Not only do men and women feel pain differently, but medication that relieves men's pain won't necessarily work as well -- or at all, in some cases -- in women. Until 1993, the U.S. Food and Drug Administration (FDA) regulations excluded "women of childbearing age" from participating in clinical trial phases for new drugs, which meant that pharmaceutical companies often only tested on men [source: Toomey]. As a result, many painkiller formulations and dosages were developed based on the male body's pain response.
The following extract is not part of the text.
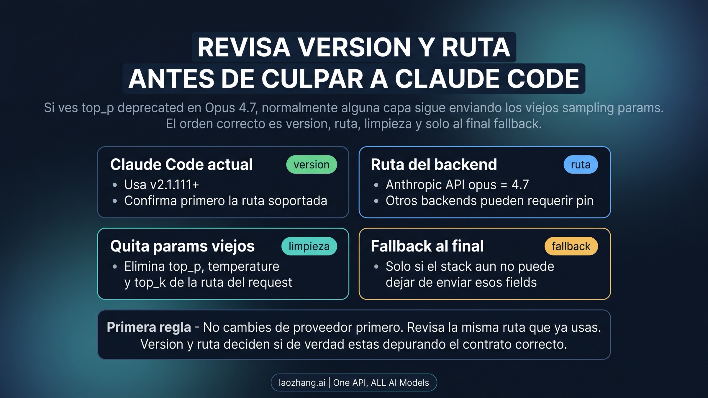 Si Claude Code muestra top_p deprecated en Opus 4.7, tratelo como un request contract mismatch y no como una excusa para cambiar de provider enseguida. Primero version, luego route, despues remove de fields viejos, y verificacion sobre la misma ruta. Si el stack sigue sin poder detenerlos, ahi si aparece el fallback.

Morphine, one of the most commonly used painkillers, doesn't perform as effectively in both genders. For surgery patients undergoing general anesthesia, females require at least 30 percent more morphine than males [source: Toomey]. In addition, nalbuphine, which is often used to anesthetize women during childbirth, does little to mitigate pain in men [source: Economist].
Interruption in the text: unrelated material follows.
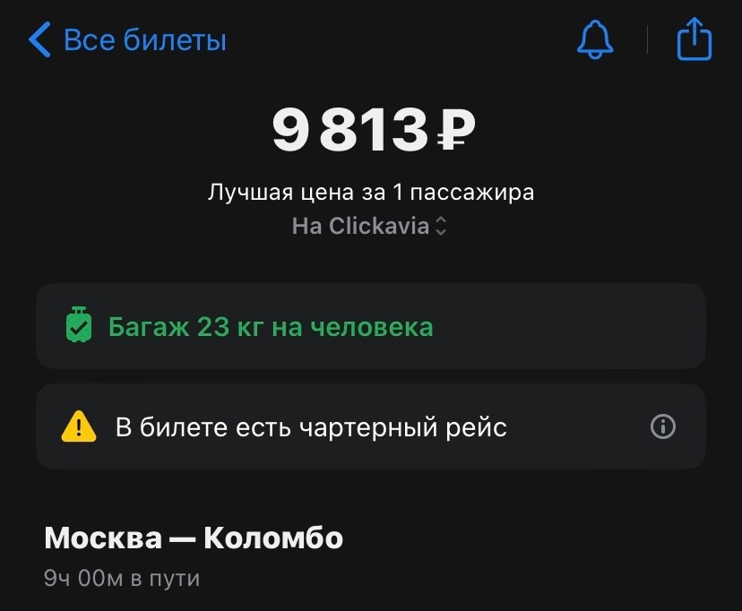 Просматривая регулярно сайты для покупки авиабилетов – я часто нахожусь в шоке от того, как цены рознятся от моего представления! Чаще я получаю приятные эмоции от просмотра. Для себя я выяснила – по миру может путешествовать каждый, главное подобрать правильную дату и рассмотреть много вариантов. Если поехать не в самый сезон, то можно урвать билеты дешевле даже 5 000р. Как мы все знаем, чем больше спрос на товар, тем дороже он становится. Некоторые места не пользуются спросом из-за того, что мы заранее думаем о невозможности финансово потянуть путешествие. Океан и экзотика кажется нам чем-то более дорогим, чем та же поездка в Турцию. Давайте взглянем на реальные цены билетов. В качестве популярных стран для поездок мы рассмотрим: Тайланд, Турцию, Черногорию и Кипр. На первой фотографии мы видим рейс на Шри-Ланку. Цена составляет всего 9 000 р. Никаких пересадок – рейс прямой. Далее показан рейс в Стамбул – столицу Турции, которая у многих возникает в голове при выборе места для отпу

Scientists attribute those gendered effects to variations in male and female brains. Both medications relieve pain by activating opioid receptors in the brain; opioid receptors counteract pain by blocking neurons from transmitting pain signals. Yet, morphine binds to a class of opioid receptors called mu receptors, and nalbuphine binds to kappa receptors. PET scans have shown, however, that mu receptors in healthy male and female brains activate through different pathways [source: Toomey]. Moreover, the male mu opioid system plays the starring role in pain relief, while the kappa system dominates in females.
Since drug testing was primarily focused on male pain responses in the past, the most popular painkillers were designed to stimulate mu opioids. As a result, chronic and severe pain in women has been harder to treat successfully. But now that scientists recognize that kappa receptor opioids better stifle pain in women, some are designing so-called "pink and blue painkillers" specifically tailored to males' and females' unique pain response systems [source: Economist]. If that becomes a medical reality, perhaps the gender pain gap will narrow in the future.